In rural areas, limited grid coverage limits the deployment of large power plants. According to the IAEA, a single power plant should not represent more than 10% of the total grid capacity. Their smaller physical footprint and smaller generating capacity makes SMRs better suited for small power grids.

== Proposed sites ==
=== Argentina ===
In February 2014, the CAREM SMR project started in Argentina with the civil engineering construction of the containment building of a prototype reactor. The CAREM acronym means Central ARgentina de Elementos Modulares. The National Atomic Energy Commission (Comisión Nacional de Energía Atómica, CNEA), the Argentine government agency in charge of nuclear energy research and development and Nucleoeléctrica Argentina, the national nuclear energy company, are cooperating to achieve the realization of the project.

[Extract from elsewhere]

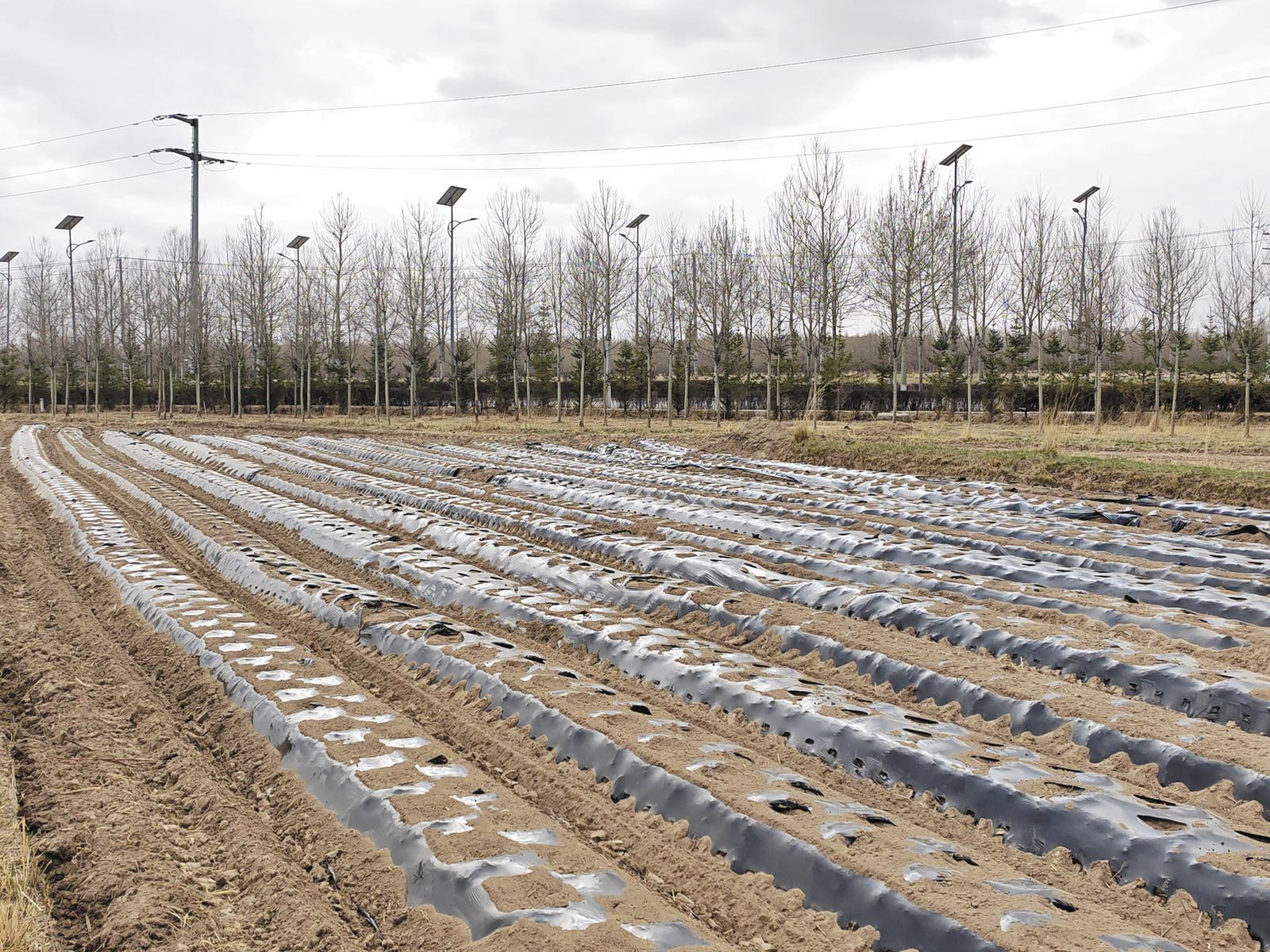 一切准备就绪后,马铃薯点播机驶入田间,播种、覆土、铺膜一气呵成,一行行黑色地膜整齐铺展在土地上。

CAREM-25 is a prototype of 25 MWe, the first nuclear power plant completely designed and developed in Argentina. The project was suspended several times before being resumed. In October 2022, CNEA expected that the civil construction works would be finished by 2024. If construction continues according to plan, the first criticality of CAREM-25 is foreseen by the end of 2027.

=== Canada ===
In 2018, the Canadian province of New Brunswick announced it would invest $10 million for a demonstration project at the Point Lepreau Nuclear Generating Station. It was later announced that SMR proponents Advanced Reactor Concepts and Moltex would open offices there.
One unit is scheduled for construction at Point Lepreau Nuclear Generating Station, Canada, in July 2018. Both Moltex and ARC Nuclear are vying for the contract.

On 1 December 2019, the Premiers of Ontario, New Brunswick and Saskatchewan signed a memorandum of understanding (MoU) "committing to collaborate on the development and deployment of innovative, versatile and scalable nuclear reactors, known as Small Modular Reactors (SMRs)." They were joined by Alberta in August 2020. Continued support from citizens and government officials has led to the execution of a selected SMR at the Canadian Nuclear Laboratory.

In 2021, Ontario Power Generation announced they planned to build a BWRX-300 SMR at their Darlington site to be completed by 2028. The Canadian Nuclear Safety Commission issued the construction license in 2025, and construction started soon after. As of 2026, the first unit is expected to come online by 2030.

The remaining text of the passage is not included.